Wear It Like You Mean It
Colossians 3:12-17
Home Moravian Church, Dec. 29, 2024
The first one I really noticed was worn by Colin Firth, in the 2001 film Bridget Jones’ Diary. Against a deep green background, the face of Rudolph the Red-nosed Reindeer took up most of the acreage on Firth’s chest. One look at that sweater and Bridget Jones, played by Renee Zellweger, promptly dismissed Firth’s character, Mark Darcy, as a rube and a clod. Of course, they got together in the end; but the film made it clear that one’s social life could be destroyed by one really ugly Christmas sweater.
But a few years later, ugly Christmas sweaters were catching on as the “must have” apparel for the season. High school bands began to wear them in Christmas parades. Goodwill stores set up special boutiques just for the tackiest sweaters, which sold as fast as they arrived. We’re not talking a few pretty bows or baubles; the hottest-selling sweaters were full-on Rudolph, especially if his nose lit up. These days, you don’t have to hunt for vintage sweaters; each year brings new collections from fashion houses competing for most outlandish.
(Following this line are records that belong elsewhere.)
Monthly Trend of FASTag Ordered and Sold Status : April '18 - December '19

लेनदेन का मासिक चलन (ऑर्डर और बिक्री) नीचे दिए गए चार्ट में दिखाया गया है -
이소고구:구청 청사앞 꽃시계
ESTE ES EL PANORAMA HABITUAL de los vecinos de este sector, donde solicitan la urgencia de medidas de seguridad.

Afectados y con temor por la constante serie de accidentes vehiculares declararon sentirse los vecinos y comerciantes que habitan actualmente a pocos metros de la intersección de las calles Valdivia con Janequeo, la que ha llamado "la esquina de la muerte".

Designers for the Tonight Show are responsible for Jimmy Fallon’s annual Christmas sweater giveaway, delighting audiences with execrable creations that only a true professional could conceive.
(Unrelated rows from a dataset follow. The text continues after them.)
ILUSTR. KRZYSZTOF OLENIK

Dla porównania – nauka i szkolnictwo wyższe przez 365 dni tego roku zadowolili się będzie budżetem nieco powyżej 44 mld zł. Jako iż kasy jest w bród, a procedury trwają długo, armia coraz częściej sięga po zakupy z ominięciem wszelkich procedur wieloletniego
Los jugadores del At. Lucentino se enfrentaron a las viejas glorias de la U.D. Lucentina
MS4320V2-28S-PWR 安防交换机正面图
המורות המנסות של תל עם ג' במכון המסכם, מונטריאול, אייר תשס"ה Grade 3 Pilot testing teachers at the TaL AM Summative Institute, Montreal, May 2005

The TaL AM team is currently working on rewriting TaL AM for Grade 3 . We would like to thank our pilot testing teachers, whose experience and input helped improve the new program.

The difference between fearing ugly sweaters as unwanted Christmas gifts and fighting for them at the Goodwill can be summed up in one word: Irony. People have learned to wear the sweater ironically. Their attitude shows that they know the sweaters are not attractive; they wear them as a joke. One takes part in the tradition in order to mock the tradition. One wears the sweater, but one doesn’t mean it. That’s irony.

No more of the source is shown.